- **Exercise details**: From the records below, please print only the lines from the one containing "باقر علیه السلام*" through the one containing "That one looks", both included. Skip the pictures.

- **Study material**:
::::::::::
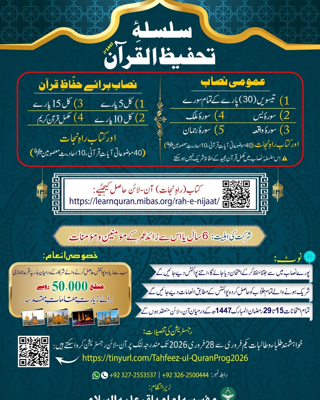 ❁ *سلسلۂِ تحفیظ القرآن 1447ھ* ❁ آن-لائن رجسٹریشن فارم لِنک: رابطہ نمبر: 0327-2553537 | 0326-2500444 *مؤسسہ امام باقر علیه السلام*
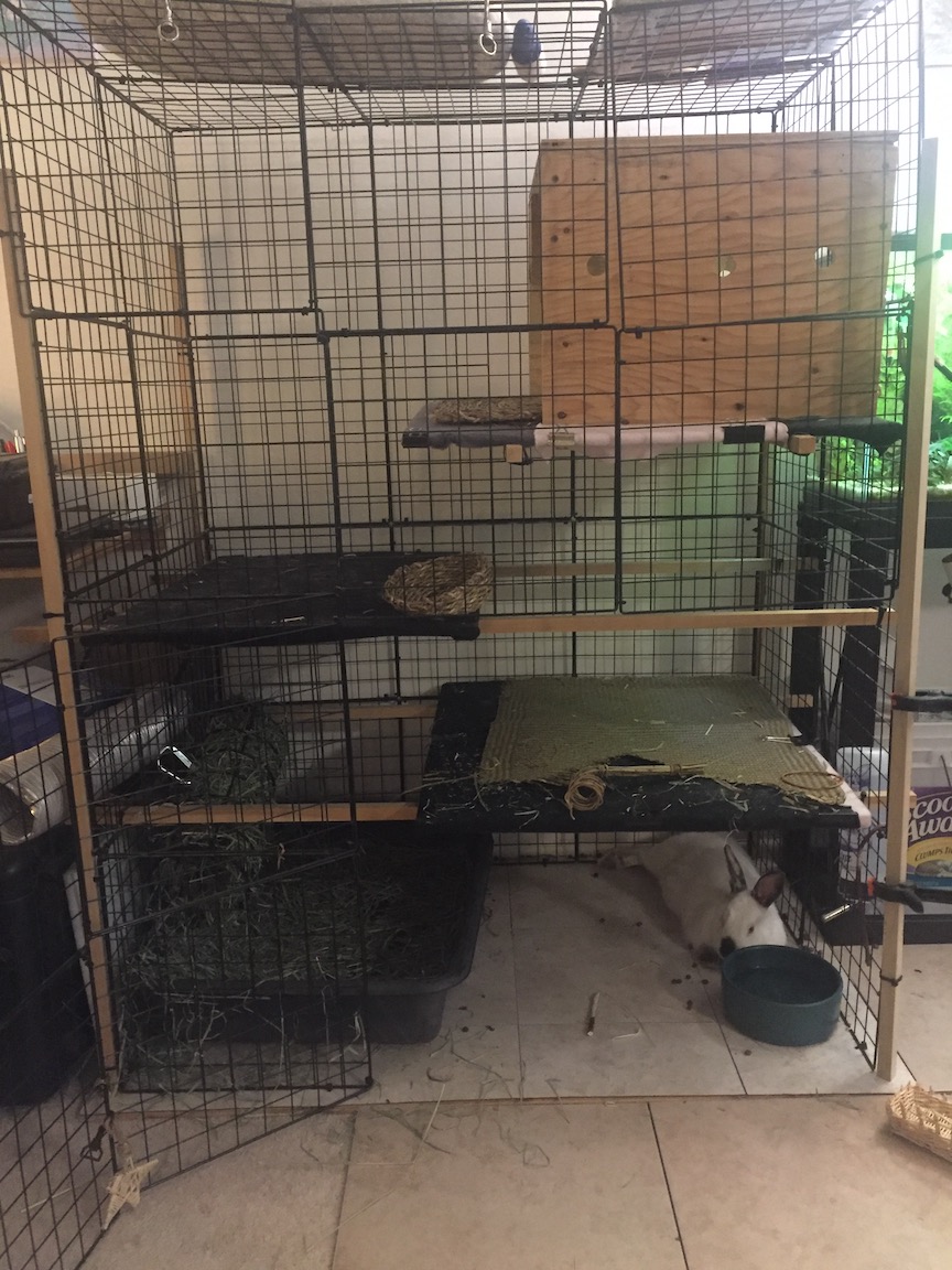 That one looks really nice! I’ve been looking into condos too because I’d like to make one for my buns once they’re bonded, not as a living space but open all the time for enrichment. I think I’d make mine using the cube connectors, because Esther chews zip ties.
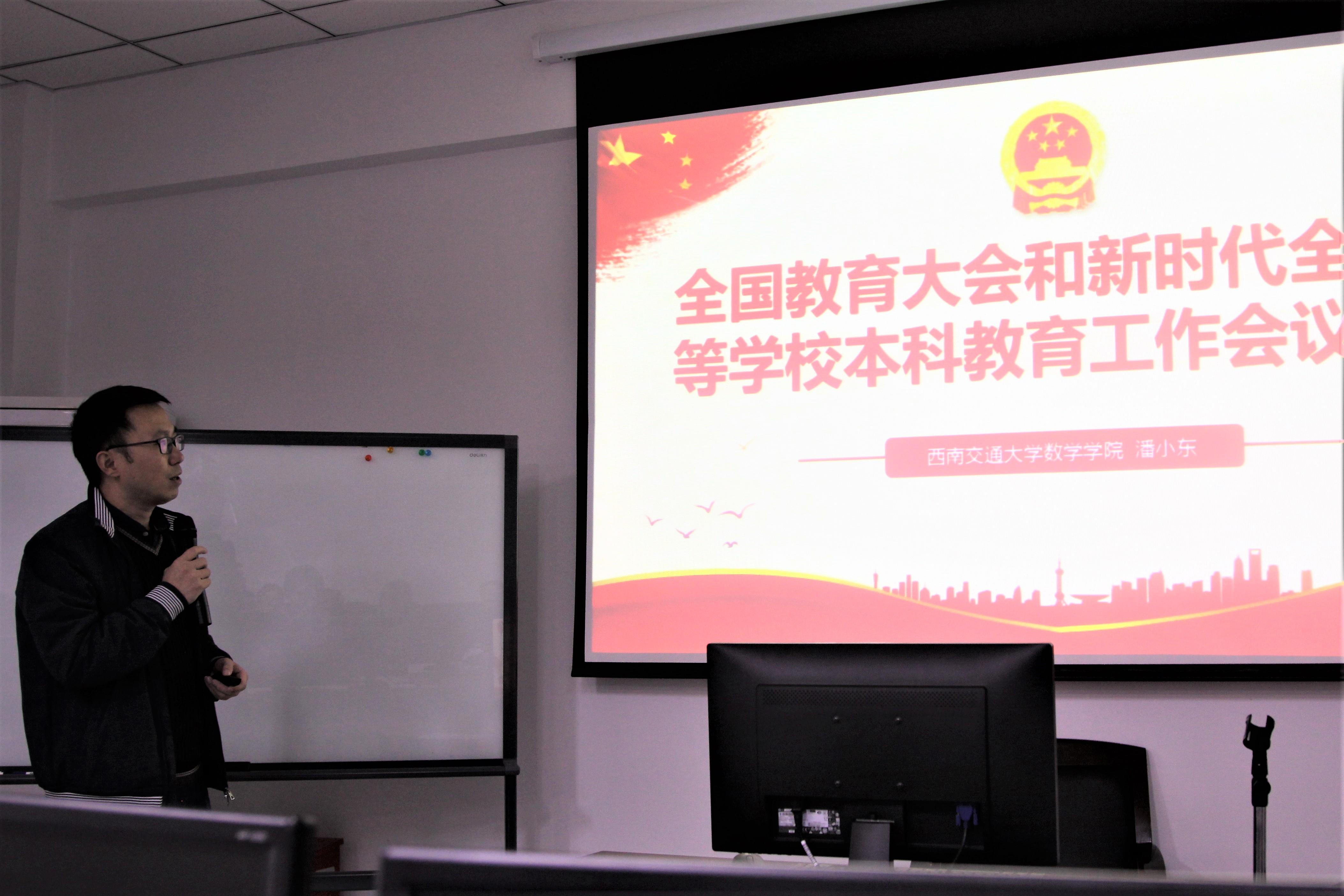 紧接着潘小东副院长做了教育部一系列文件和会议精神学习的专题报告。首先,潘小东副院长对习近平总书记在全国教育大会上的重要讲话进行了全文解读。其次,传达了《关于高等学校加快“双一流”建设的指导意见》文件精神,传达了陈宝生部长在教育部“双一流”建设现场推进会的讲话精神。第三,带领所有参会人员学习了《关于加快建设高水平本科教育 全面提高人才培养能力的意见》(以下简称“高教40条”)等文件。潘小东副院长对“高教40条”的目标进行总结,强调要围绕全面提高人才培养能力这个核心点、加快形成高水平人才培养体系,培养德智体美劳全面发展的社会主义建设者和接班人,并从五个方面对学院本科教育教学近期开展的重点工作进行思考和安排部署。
::::::::::
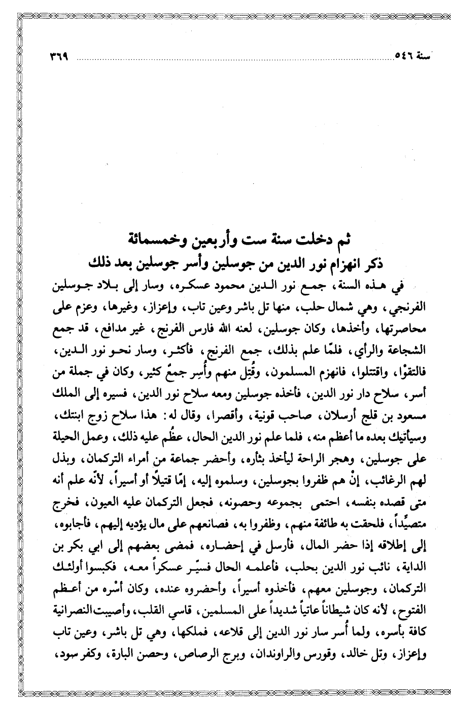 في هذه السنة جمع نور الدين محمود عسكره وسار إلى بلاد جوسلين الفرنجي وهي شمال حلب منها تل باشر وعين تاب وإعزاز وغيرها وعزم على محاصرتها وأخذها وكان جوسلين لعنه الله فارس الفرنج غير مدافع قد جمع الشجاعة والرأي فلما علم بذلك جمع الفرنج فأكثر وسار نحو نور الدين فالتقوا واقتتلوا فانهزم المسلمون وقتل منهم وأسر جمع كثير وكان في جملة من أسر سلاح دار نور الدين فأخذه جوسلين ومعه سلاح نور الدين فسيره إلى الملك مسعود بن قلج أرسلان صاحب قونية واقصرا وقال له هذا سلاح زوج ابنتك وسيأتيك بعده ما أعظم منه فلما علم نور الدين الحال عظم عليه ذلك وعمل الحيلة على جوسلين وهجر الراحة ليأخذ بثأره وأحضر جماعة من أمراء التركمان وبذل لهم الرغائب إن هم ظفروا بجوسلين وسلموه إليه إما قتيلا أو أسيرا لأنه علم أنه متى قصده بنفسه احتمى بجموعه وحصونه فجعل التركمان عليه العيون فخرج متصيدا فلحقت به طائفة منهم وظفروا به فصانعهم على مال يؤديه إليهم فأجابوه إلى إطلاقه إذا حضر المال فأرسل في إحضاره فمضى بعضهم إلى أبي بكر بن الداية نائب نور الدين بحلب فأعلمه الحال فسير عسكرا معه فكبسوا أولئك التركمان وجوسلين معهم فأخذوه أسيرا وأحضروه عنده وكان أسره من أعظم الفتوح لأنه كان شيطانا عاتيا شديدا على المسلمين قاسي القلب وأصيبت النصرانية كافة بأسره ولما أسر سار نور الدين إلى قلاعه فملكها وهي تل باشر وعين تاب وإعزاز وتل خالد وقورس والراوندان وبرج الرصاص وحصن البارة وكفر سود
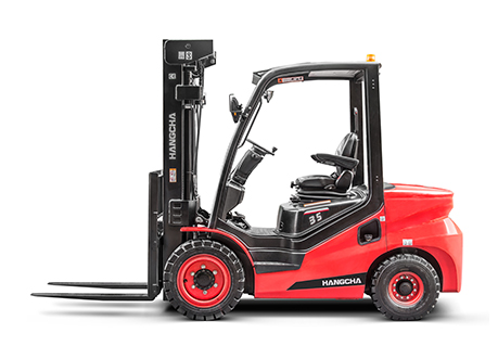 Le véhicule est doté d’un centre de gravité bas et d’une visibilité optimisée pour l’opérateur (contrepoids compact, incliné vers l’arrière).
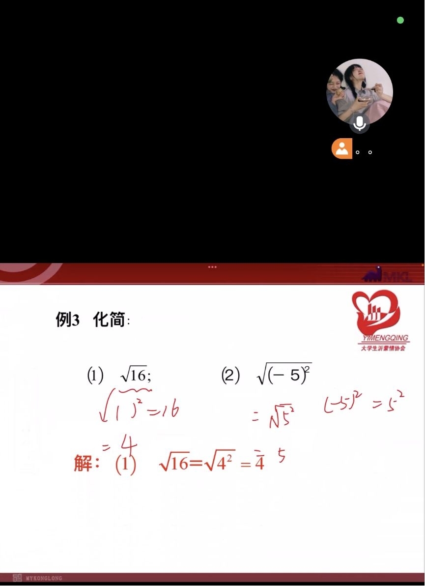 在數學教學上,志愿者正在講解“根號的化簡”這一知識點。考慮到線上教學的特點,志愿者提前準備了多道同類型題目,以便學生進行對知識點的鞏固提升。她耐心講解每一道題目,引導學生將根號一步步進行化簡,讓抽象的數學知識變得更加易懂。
::::::::::
- **Task result**:
 ❁ *سلسلۂِ تحفیظ القرآن 1447ھ* ❁ آن-لائن رجسٹریشن فارم لِنک: رابطہ نمبر: 0327-2553537 | 0326-2500444 *مؤسسہ امام باقر علیه السلام*
 That one looks really nice! I’ve been looking into condos too because I’d like to make one for my buns once they’re bonded, not as a living space but open all the time for enrichment. I think I’d make mine using the cube connectors, because Esther chews zip ties.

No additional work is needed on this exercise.